HARIAN NEGERI - JAKARTA, Pengurus Besar Pelajar Islam Indonesia (PB PII) melayangkan kritik keras terkait keterlibatan Komisi Pemberantasan Korupsi (KPK) dalam mengawal dan memantau Surat Edaran pencegahan korupsi pada Sistem Penerimaan Murid Baru (SPMB) atau Penerimaan Peserta Didik Baru (PPDB). Sinergi penegak hukum di institusi sekolah ini dinilai sebagai sinyal darurat adanya krisis integritas akut di sektor pendidikan dasar dan menengah.
Ketua Umum PB PII, Kevin Prayoga, menegaskan bahwa hadirnya lembaga antirasuah hingga ke ranah teknis seleksi masuk sekolah merupakan tamparan keras bagi marwah dunia pendidikan nasional.
Menurutnya, sekolah yang seharusnya menjadi hulu penyemaian karakter moral, kini justru bertransformasi menjadi kluster yang harus didisiplinkan oleh aparat eksternal.
"Dunia pendidikan kita hari ini sedang menghadapi ujian moral yang sangat berat.

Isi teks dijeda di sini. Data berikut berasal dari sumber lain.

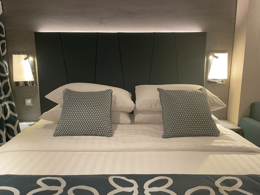 De MSC Virtuosa biedt 10 soorten hutten aan, waarvan Miriam zelf 7 soorten heeft kunnen bekijken voor je; een binnenhut studio, binnenhut voor mindervaliden & reguliere binnenhut, een balkonhut voor families en 3 andere soorten balkonhutten. Even wat indrukwekkende cijfers: de Virtuosa biedt in totaal 2421 kamers aan waarvan 64 een eigen whirlpool hebben 🙂 er zijn 8 hutten met twee verdiepingen, 160 buitenhutten, 755 binnenhutten, 1322 kamers met een balkon waaronder 190 familiehutten, 34 ‘gewone’ suites, 60 kamers voor mindervaliden in vrijwel iedere categorie en 95 suites in de MSC Yacht Club.

Ketika proses penerimaan murid baru, yang menjadi gerbang awal anak-anak kita mengenal dunia akademik, harus dipelototi dan dikawal ketat oleh KPK, ini adalah bukti nyata bahwa sistem pengawasan internal di tingkat kementerian sekolah dan dinas pendidikan daerah telah gagal total," ujar Kevin Prayoga dalam keterangan resminya di Jakarta, Kamis (4/6/2026).
Kevin menambahkan, keterlibatan KPK dalam urusan teknis sekolah dasar hingga menengah ini tidak boleh dinormalisasi sebagai solusi permanen.

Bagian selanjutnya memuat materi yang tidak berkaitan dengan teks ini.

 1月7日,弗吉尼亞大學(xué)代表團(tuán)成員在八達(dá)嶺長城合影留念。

"KPK tidak boleh selamanya diposisikan sebagai 'satpam' di gerbang sekolah. Sifat pengawasan ini haruslah darurat dan transisional. Institusi birokrasi pendidikan harus memiliki keberanian untuk melakukan pembenahan internal secara total, bukan terus berlindung di balik tameng pengawasan KPK secara musiman setiap tahun ajaran baru dimulai," tegasnya.

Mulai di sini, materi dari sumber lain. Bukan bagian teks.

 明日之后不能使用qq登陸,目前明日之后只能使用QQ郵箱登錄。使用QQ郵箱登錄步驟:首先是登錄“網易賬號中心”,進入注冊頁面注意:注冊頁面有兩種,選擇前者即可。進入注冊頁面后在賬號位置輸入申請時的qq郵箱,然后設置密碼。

Soroti Ketimpangan Akses dan Hambatan Ekonomi
Di sisi lain, PB PII juga menyoroti bagaimana sengkarut penerimaan murid baru ini kerap kali melahirkan diskriminasi struktural, terutama bagi kalangan masyarakat yang berada di garis kemiskinan. Jalur-jalur seleksi terobosan dinilai masih sering dicurangi melalui manipulasi data kependudukan maupun jual-beli kuota terselubung.
Ketua III PB PII Bidang Pemberdayaan Masyarakat Pelajar, Muhammad Khazimi, mengungkapkan bahwa carut-marut sistem penerimaan ini berakar dari masalah yang jauh lebih substansial, yakni komersialisasi dan ketimpangan mutu fasilitas sekolah antarwilayah.
"Akar masalah dari fenomena ini adalah ketimpangan akses. Realitas sosiologis di lapangan menunjukkan bahwa faktor keterbatasan ekonomi masih menjadi tembok tebal yang merenggut hak anak-anak berprestasi untuk mendapatkan sekolah yang layak. Selama mutu dan kualitas sekolah tidak diratakan oleh pemerintah, selama itu pula celah transaksional seperti titip-menitip atau manipulasi kuota akan terus hidup subur," kata Muhammad Khazimi.
Lebih lanjut, Khazimi mendesak agar pemerintah mengembalikan instrumen pengawasan ini secara transparan kepada publik berbasis digitalisasi yang real-time, alih-alih menguras energi dan sumber daya KPK yang semestinya difokuskan pada pemberantasan korupsi skala besar (high-level corruption).
"Setiap anak bangsa memiliki hak konstitusional yang sama untuk mencicipi pendidikan berkualitas. Keadilan akses harus diprioritaskan demi memutus rantai kemiskinan struktural. Kita tidak bisa berharap mencetak generasi unggul untuk menyongsong Indonesia Emas 2045 jika ekosistem pertama yang mereka temui saat masuk sekolah sudah cacat secara moral dan transaksional," kunci Khazimi.
Melalui rilis ini, PB PII secara resmi mendesak Kementerian Pendidikan Dasar dan Menengah untuk segera merombak total regulasi penerimaan murid baru. Pemerintah dituntut hadir memberikan jaminan bahwa proses seleksi bebas dari intervensi kekuasaan dan praktik koruptif, demi mengembalikan sekolah sebagai ruang suci pembentukan peradaban bangsa.